“Gee up into the yoke, you crumpled-horn hyampus!” The teamster welted the goad across Kyle’s haunches and further encouraged the putative ox by a thrust of a full inch of the brad.

When the boss came onto his feet with a berserker howl of fury and started to attack, the ox expert yelled, “Dat rat ye, don’t ye try to hook your horns into me!” Then he flailed the stick once more across Kyle’s nose with a force that knocked the boss flat on his back.

Echford Flagg stepped forward and stood between the two men when Kyle struggled to his feet and started toward the teamster with the mania of blood lust in his red eyes. The master put forth a hand and thrust back the raging mate. Flagg said something, but for a time he could not be heard above the tempest of howling laughter.

It was riotous abandonment to mirth. Men hung helplessly to other men or flapped their hands and staggered about, choking with their merriment. The savageness of the punishment administered to the boastful Kyle might have shocked persons with squeamish dispositions; it was wildly humorous in the estimation of those men o’ the forest. They were used to having their jokes served raw.

The roar that fairly put into the background the riot of the falling waters of the Noda was what all the region recognized as the ruination of a man’s authority in the north country; it was the Big Laugh.
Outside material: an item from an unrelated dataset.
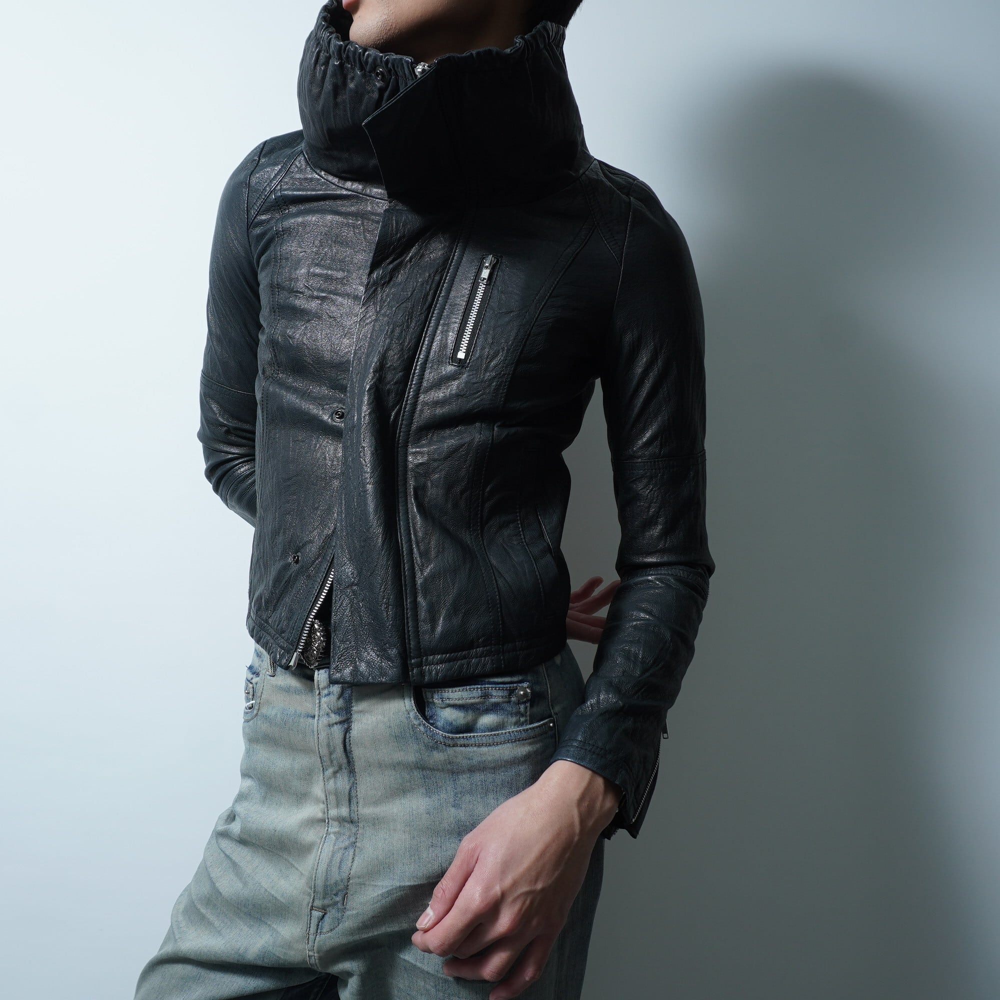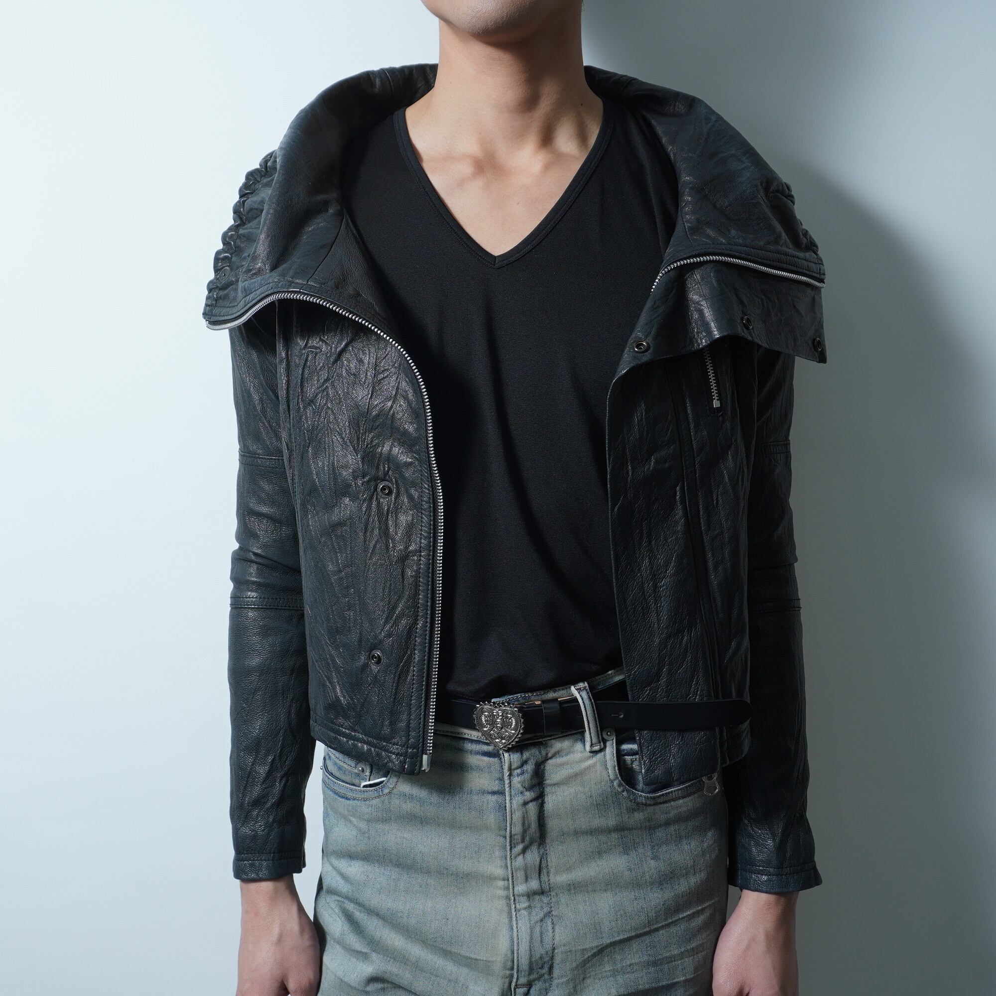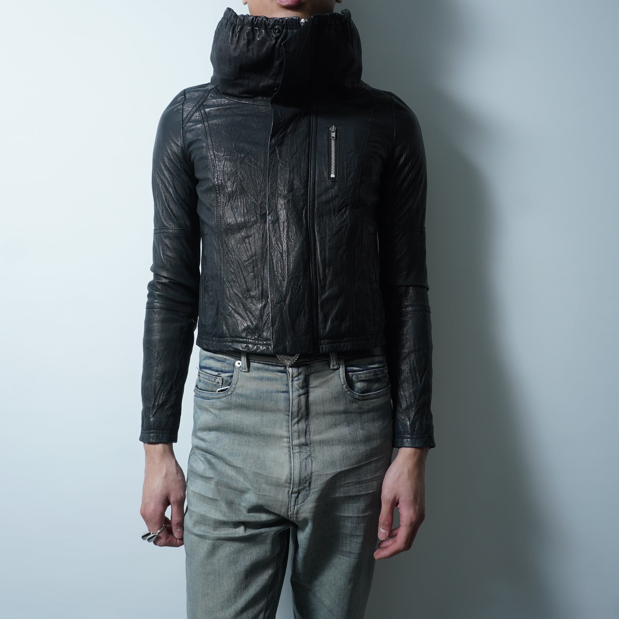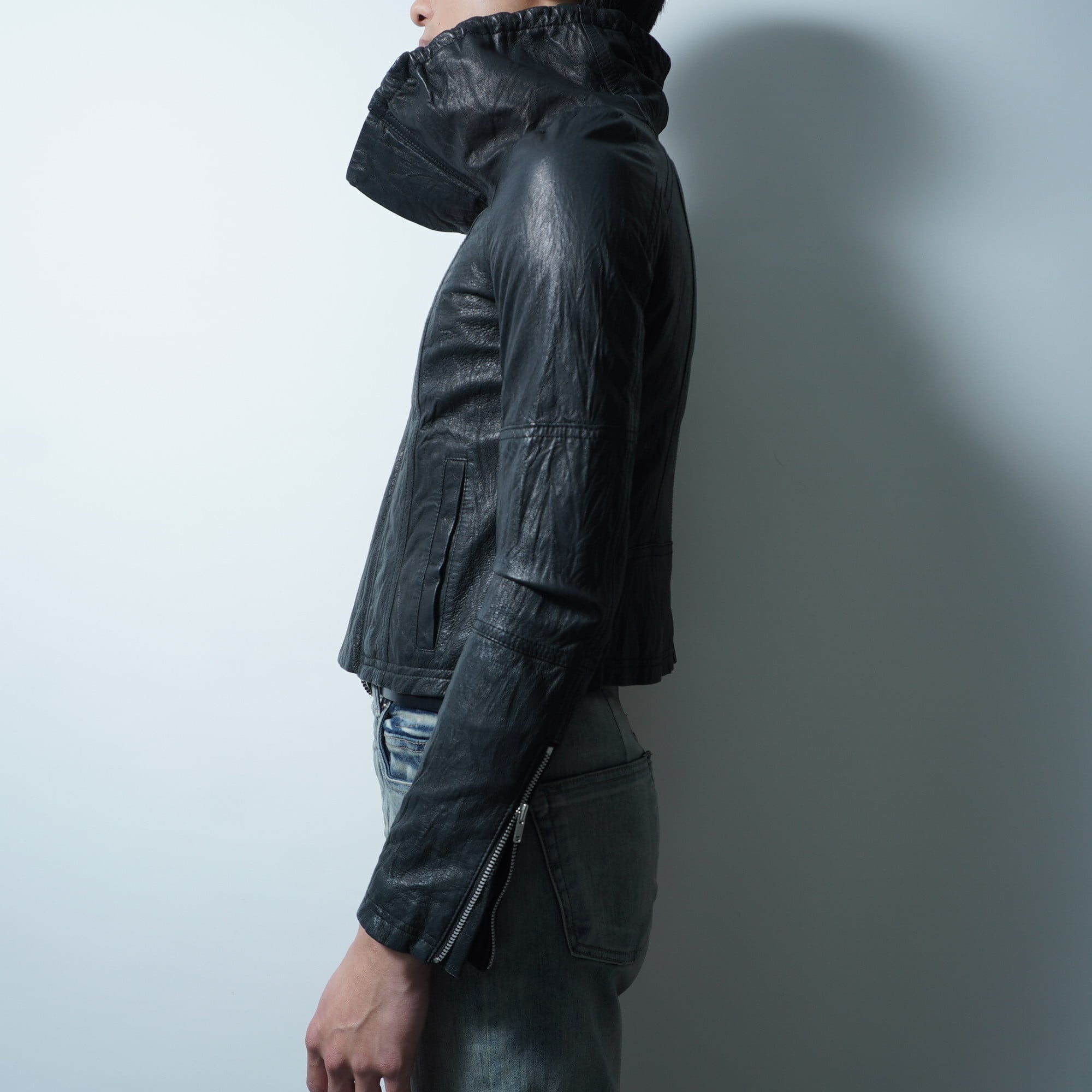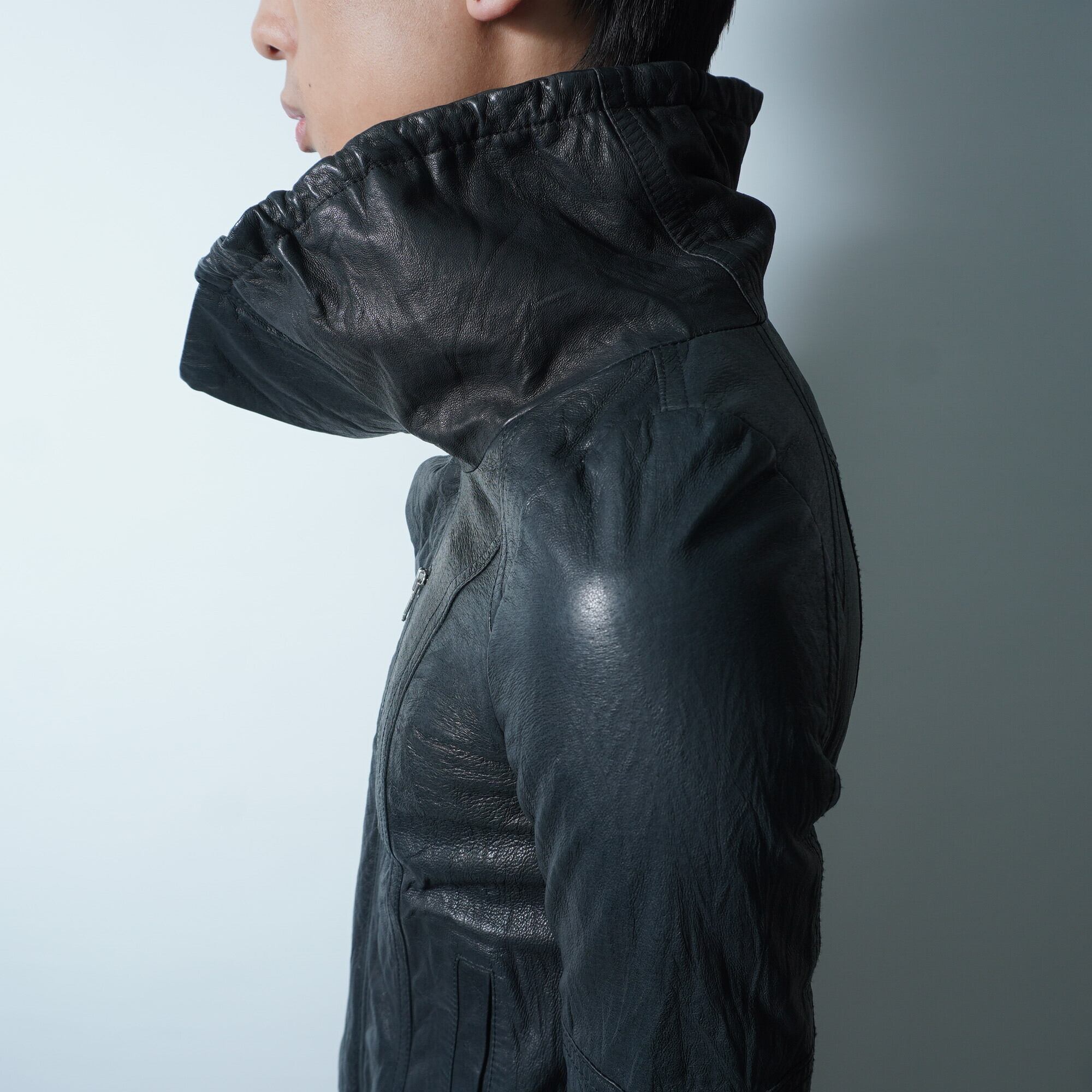 【paper chest】ペーパーチェスト シワ加工豚革ハイネックジャケット black

Flagg, when he could make himself heard by his boss, holding Kyle in his mighty grip, made mention of the Big Laugh, too. “Kyle, you’ve got it at last by your damn folly. You’re licked forever in these parts. I warned you. You went ahead against my word to you. You’re no good to me after this.” He yanked the list of names from Kyle’s jacket pocket.

“Let me loose! I’m going to kill that——”

“You’re going to walk out—and away! You’re done. You’re fired. You can’t boss men after this. A boss, are you?” he demanded, with bitter irony. “All up and down this river, if you tried to boss men, they’d give you the grin and call you ’Co Boss’. They’d moo after you. Look at ’em now. Listen to ’em. Get out of my sight. I don’t forgive any man who goes against my word to him and then gets into trouble.” He thrust Kyle away with a force that sent the man staggering. He turned to the bashful chap, who had resumed his former demeanor of deprecation. “You’re hired. You’ve showed that you can drive oxen and I reckon you can drive logs.”

The teamster was too thoroughly bulwarked by admirers to allow the rampant Kyle an opportunity to get at him. And there was Flagg to reckon with if violence should be attempted. The deposed first mate slunk away.

“That, my men,” proclaimed the master, “is what the Big Laugh can do to a boss. No man can be a boss for me after he gets that laugh. I reckon I’ve hired my crew,” he went on, looking them over critically. “Stand by to follow me north in the morning.”